You can prove a relation is a strict order by just showing that it's irreflexive and transitive.
If you're having trouble building an intuition for what these relations look like, it might help to draw a
grid of points, single one out of those points, and shade in all the points it relates to.
\section{Strict Weak Orders and C++ Programming}
\textit{(This is a follow-up to Problem Four, so you may want to complete it before attempting this problem.)} \\
The \mintinline{c++}{std::set} type imposes more restrictions on \mintinline{c++}{operator <} than just requiring it to be a strict order.

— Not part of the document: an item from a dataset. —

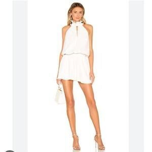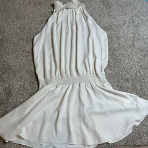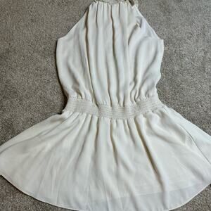 Elegant white mini dress. Halter neckline. Flowy silhouette. Perfect for any occasion.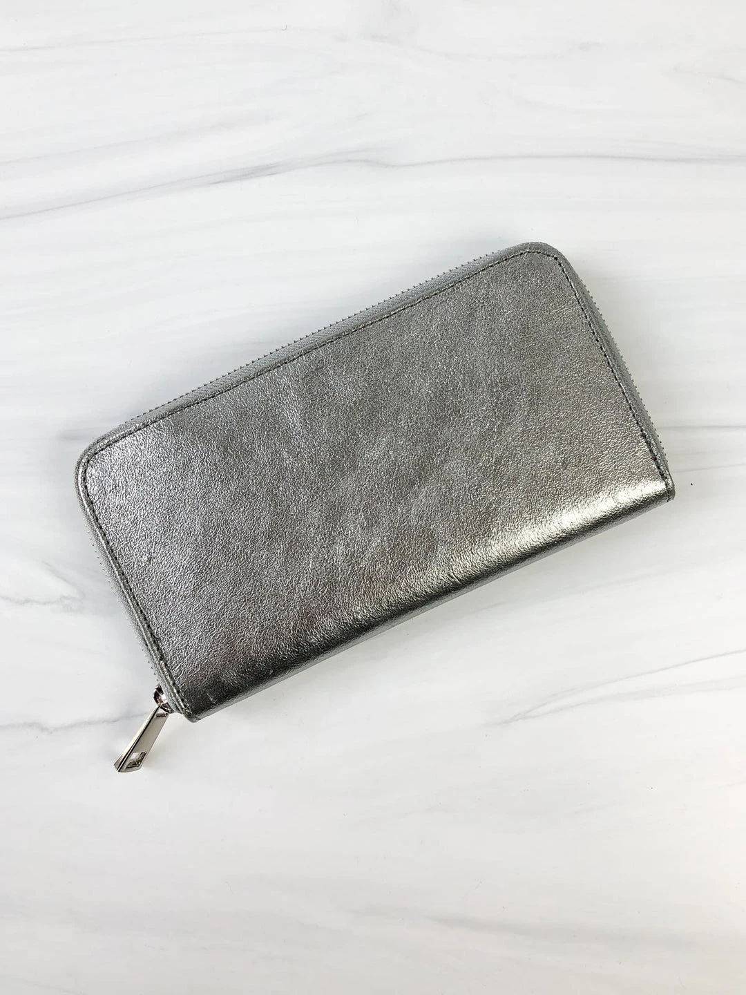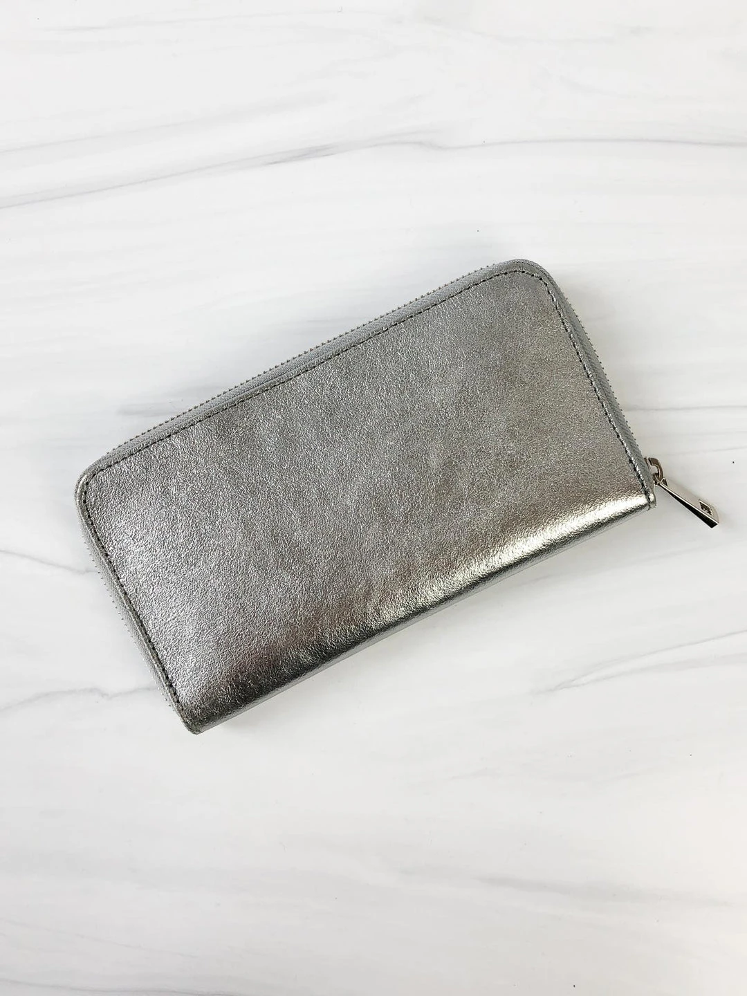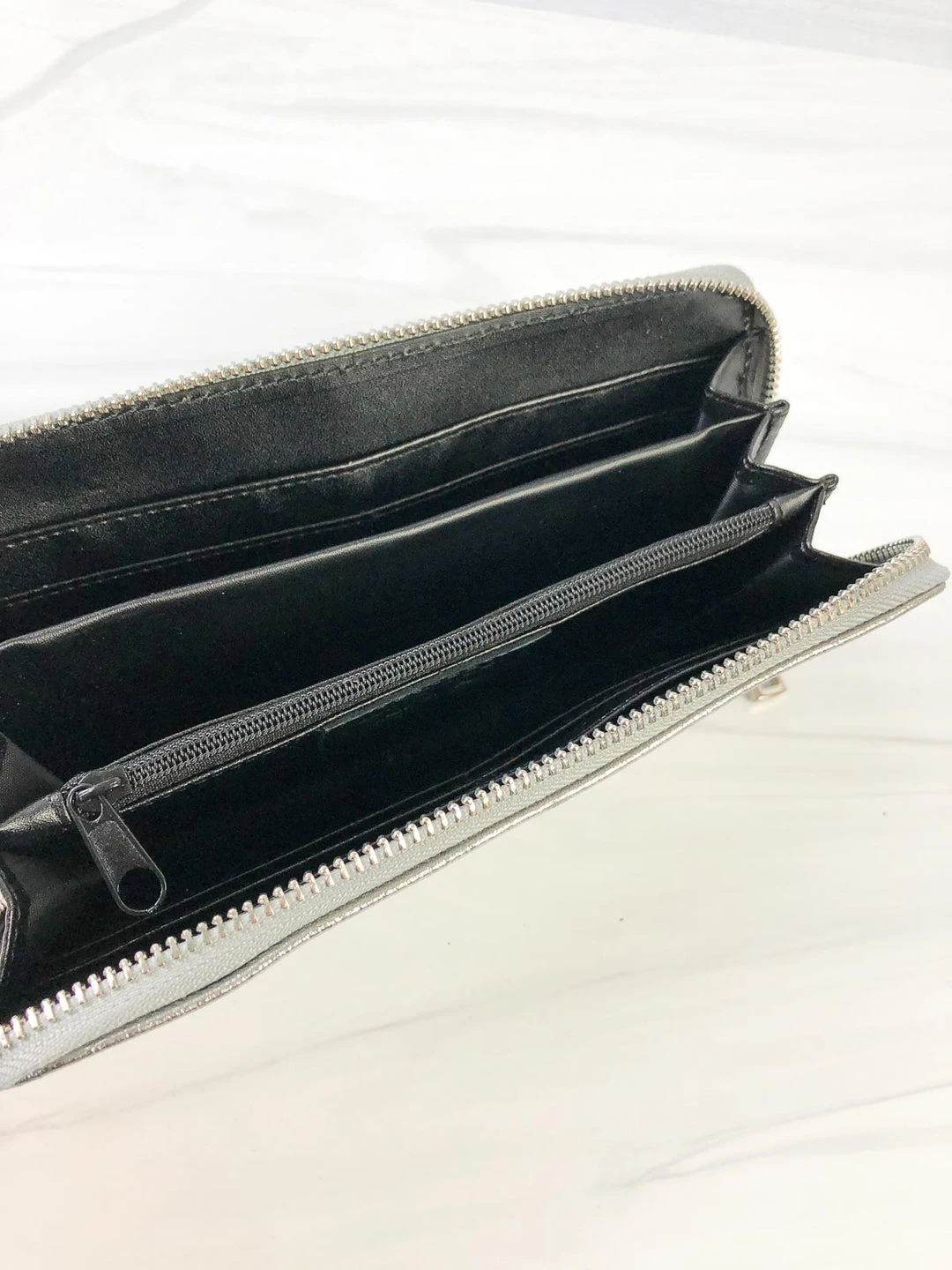 This rectangular zip wallet has compartments for everything! Four card slots on each side with a larger area for cash. Center has three larger open areas and a zippered compartment for coins. Full zip closure lets you open all the way. Black interior.Â

Specifically, the C++ requires that if you define a \mintinline{c++}{operator <} function for use in \mintinline{c++}{std::set}, that function
has to define a special kind of relation called a \textbf{\textit{strict weak order}} over the underlying type. \\
To understand what a strict weak order is, we need to introduce the notion of incomparability. Given a binary
relation $R$ over a set $A$, the \textbf{\textit{incomparability relation}} of $R$, denoted $\sim_R$, is this binary relation over $A$:
\begin{center}
$x \sim_R y$ \quad\quad if \quad\quad $x \cancel{R} y$ and $y \cancel{R} x$
\end{center}
Notice that there are slashes through those $R$'s, so $x \sim_R y$ means ``neither $xRy$ nor $yRx$ are true.'' This definition
might seem pretty abstract, so let?s start by trying to make this a bit more concrete.
\begin{enumerate}[label*=\roman*.,ref=\roman*]
\item Consider the < relation over the set $\N$. What is the relation $\sim_<$? Provide your answer by fllling in
the blank below. Briefly justify your answer, and see if you can find the simplest answer you can:
\begin{center}
$x \sim_< y$\quad if\quad \underline{\hspace{35ex}}
\end{center}
\begin{shaded}
\begin{answer}
$ $
\begin{center}
$x \sim_< y$\quad if\quad \underline{Write your answer here.}
\end{center}
\end{answer}
Provide justification here.
\end{shaded}
\end{enumerate}
And now, our key definition for this problem. A binary relation $R$ over a set $A$ is called a \textbf{\textit{strict weak order}}
if it is a strict order and its incomparability relation $\sim_R$ is transitive.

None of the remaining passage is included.